Все это, как бы странно оно ни выглядело, можно легко описать, но как моими бедными словами рассказать о той, что сидела на троне, обхватив руками подлокотники, и, наклонившись вперед, смотрела мне прямо в лицо взглядом, который ослепил меня больше, чем свет всех факелов? Представьте себе всё изящество и всю красоту, которые вы когда-либо видели воплощенными в форме той сладкой тайны, что зовется женщиной; соберите, если сможете, все из нежнейших прелестей самых прекрасных женщин, которых вы видели или о которых мечтали, в единственный образ божественной красоты и вы, возможно, увидите тень той сладкой реальности, которая была для меня в тот момент видением потерянного рая. Среди всей этой толпы смуглых черноволосых воинов сидела она — единственная женщина в зале, бледная, как лилия, и белая, как первый снег, выпавший на горные вершины.
Но я уже не видел ничего вокруг, кроме ослепившей меня красоты и удивленного взгляда двух огромных звездных глаз, устремленных на меня, и блеска алтарных огней, играющих на длинных волнистых прядях золотисто-рыжих волос, струившихся из-под сверкающей диадемы из стали и драгоценных камней, венчавшей ее. Пока я стоял, скованный и ошеломленный магией этого прекрасного существа, она обратила все еще удивленные глаза к Араксу, который оставил меня и стоял рядом с ее троном.
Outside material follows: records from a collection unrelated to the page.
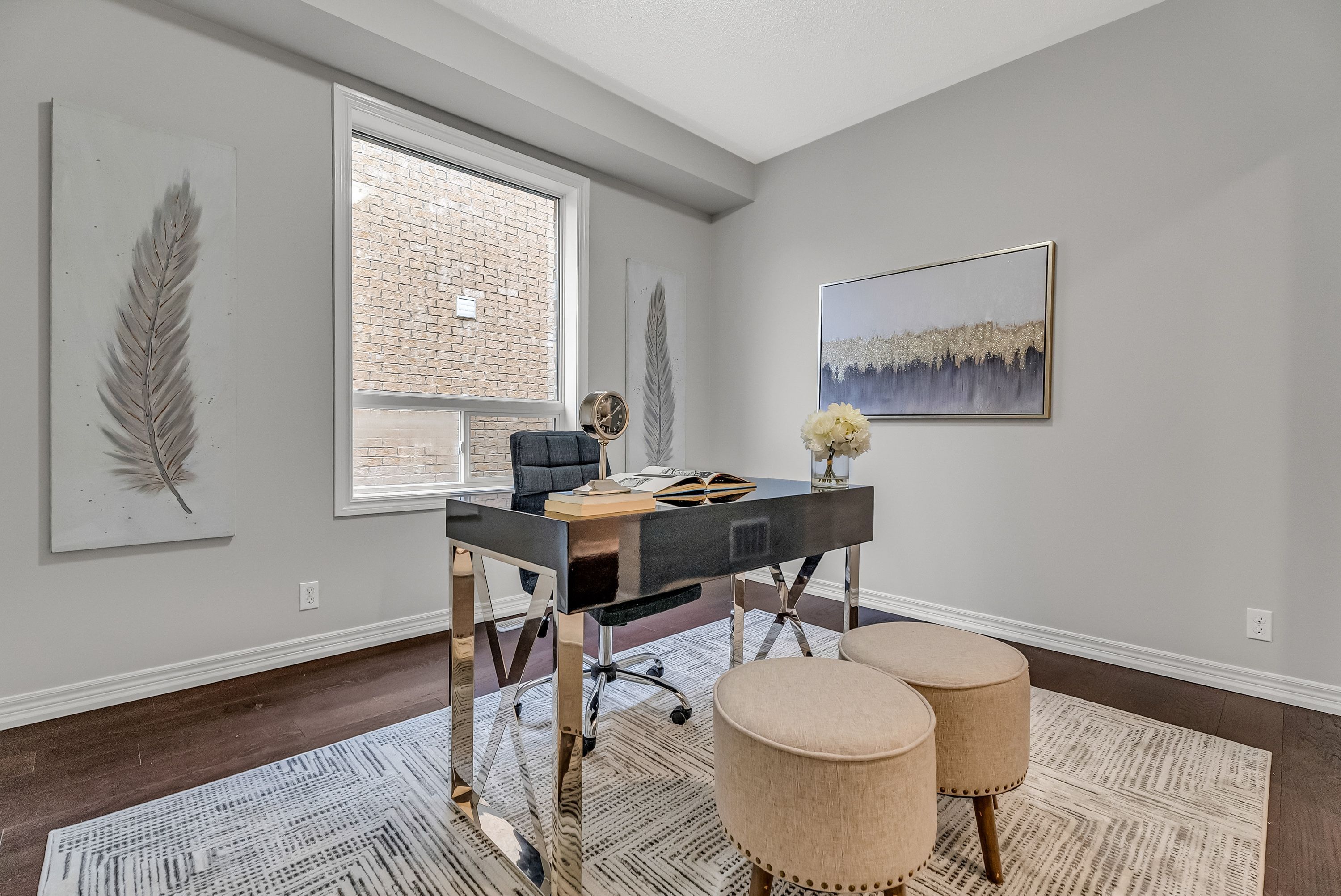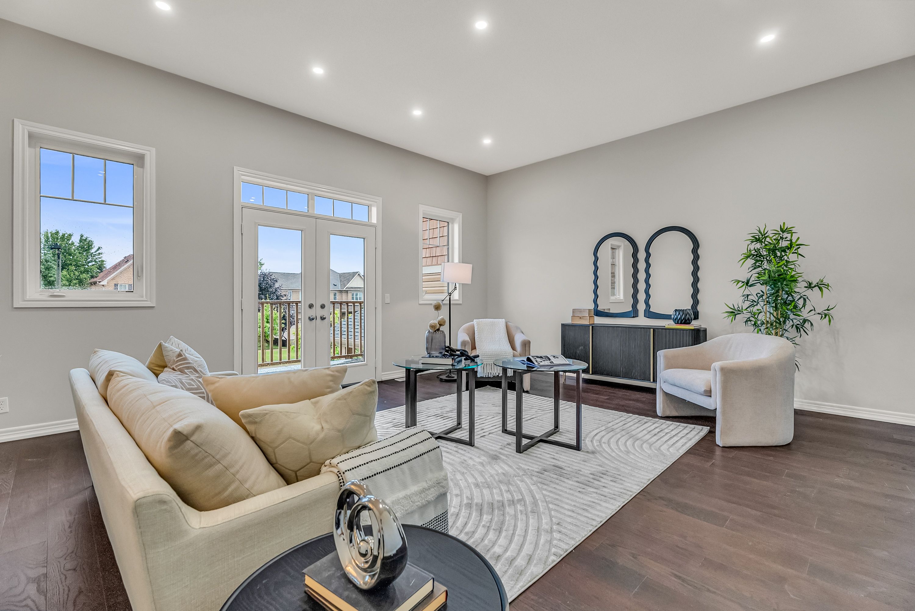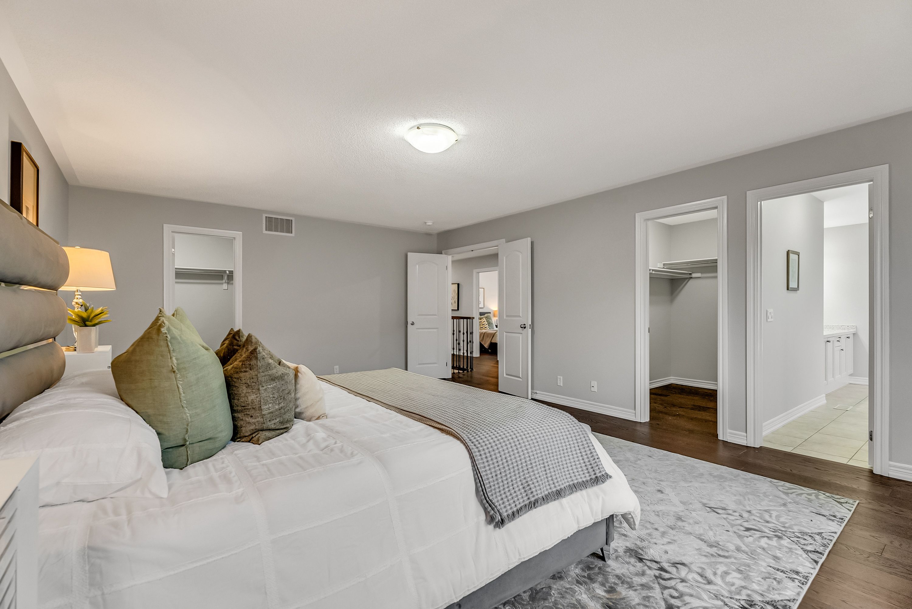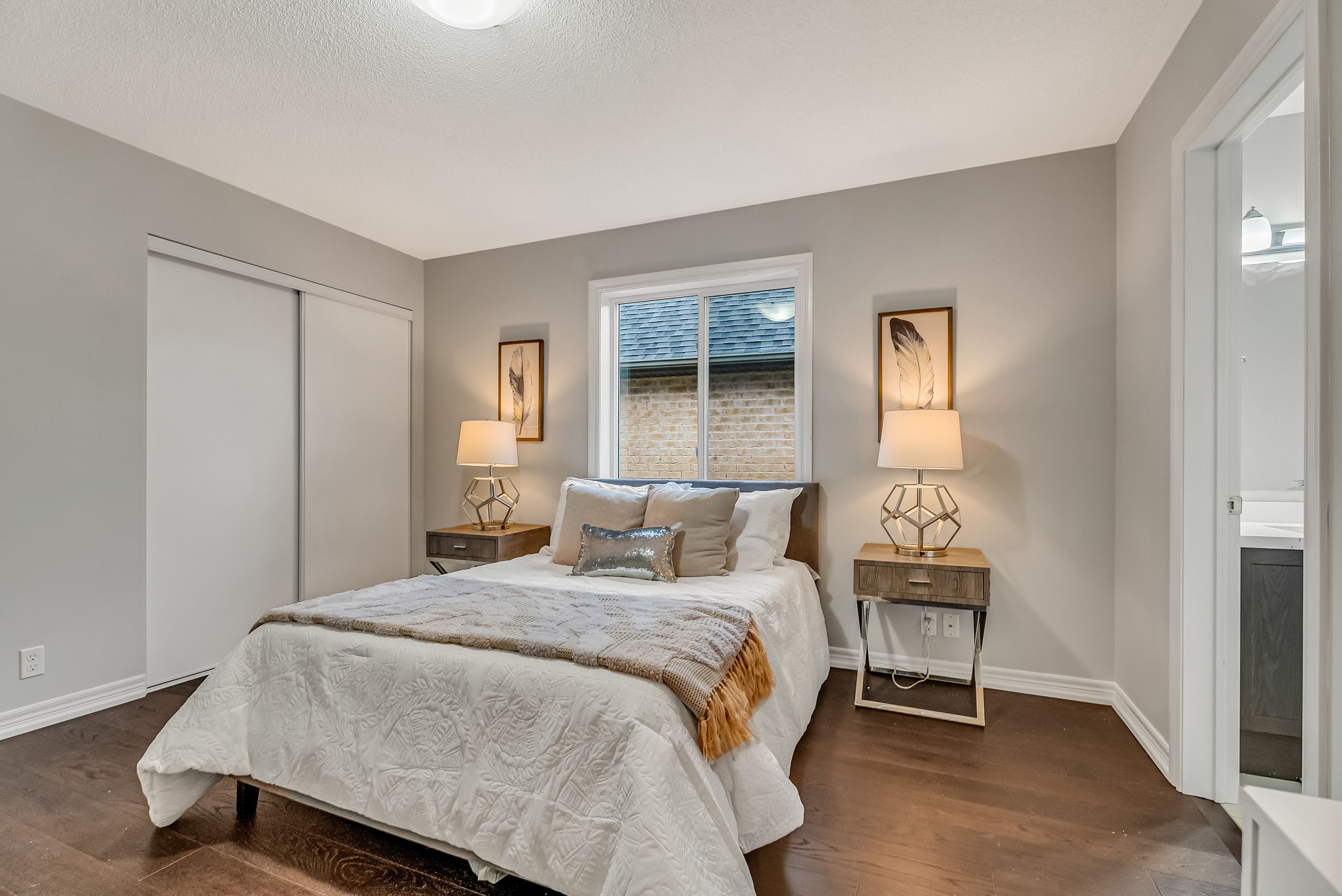 • Spacious bedroom with large windows for natural sunlight.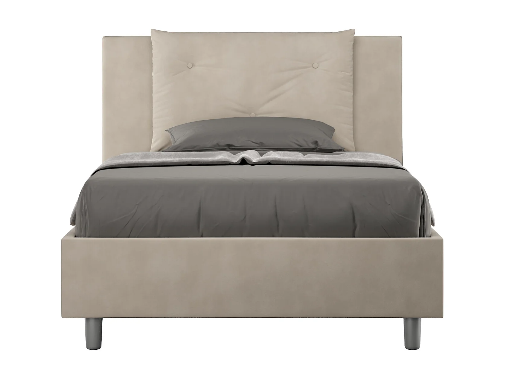 Lit 1 place et demi coffre rembourré 120x210 microfibre sable Appia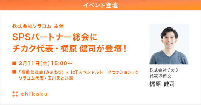 株式会社ソラコム主催の【SPSパートナー総会】のトークセッションにチカク代表・梶原健司が登壇決定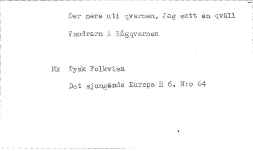 //// Der nere uti qvarnen. Jag satt en qväll Vandrarn i Sågqvarnen //// Ek Tysk Folkvisa //// Det sjungönde Europa H 6. N:o 64 ////
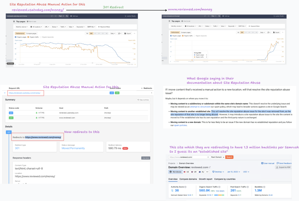 Also I noticed via Danny Ashton that US Today is redirecting their manual action affected sub folder to another domain now.

Ее красные губы приоткрылись и блеснули белые блестящие зубки, когда она заговорила с ним.
Пока я не услышу песен ангелов в раю, для меня не будет более сладкой музыки, чем та, что я услышал, когда она заговорила среди тишины, которую, казалось, никто не осмеливался нарушить даже звуком дыхания. Но для меня это была больше, чем музыка, потому что, хотя я не мог понять ее слов, ее голос, словно эхо из далекого прошлого, будоражил мою кровь и пел в моем мозгу, пока почти не свел с ума от желания и замешательства.
Где я слышал его раньше? Я — чужак на земле, который до этого утра никогда не видел человеческого лица! И все же, словно человек, очнувшийся от сна и оглядывающийся на какое-то восхитительное ночное видение, я стоял перед ней, стараясь вспомнить что-то, что мое смутно просыпающееся сознание тщетно пыталось ухватить. Она умолкла, и, словно оборвалась нить, мой краткий сон наяву закончился, и знакомый голос Аракса вернул меня в настоящее.
Все еще стоя рядом с троном, он повернулся к собравшимся воинам и громким, ясным, ровным голосом рассказал, как я узнал впоследствии, о том, где и как нашел меня. Когда он смолк, удивленный ропот пробежал вверх и вниз по сияющим рядам тех, кто заполнял обе стороны зала, а к передней части алтаря подошел жрец, повернулся лицом к мечу, поднял руки над головой и трижды поклонился ему, как бы призывая благословение.
Затем он повернулся к нам и заговорил, а я все еще стоял посреди комнаты, устремив голодный, восхищенный взгляд на лицо той, что сидела на троне. Священник говорил всего несколько минут, и когда он закончил жестом, который сделал обеими руками в сторону царицы (я, конечно, догадался, что это царица), воины снова испустили громовой крик, жужжащим круговым движением каждый меч выскочил из ножен, на мгновение указал на алтарь, а затем опустился и замер на груди того, кто его держал.
Когда крик стих, Аракс спустился по ступеням и, взяв меня за руку, подвел к трону, и я не стыжусь признаться, что дрожал как трус, идущий на смерть, приближаясь к этому прекрасному лицу и двум звездам, сиявшим из-под стальной диадемы.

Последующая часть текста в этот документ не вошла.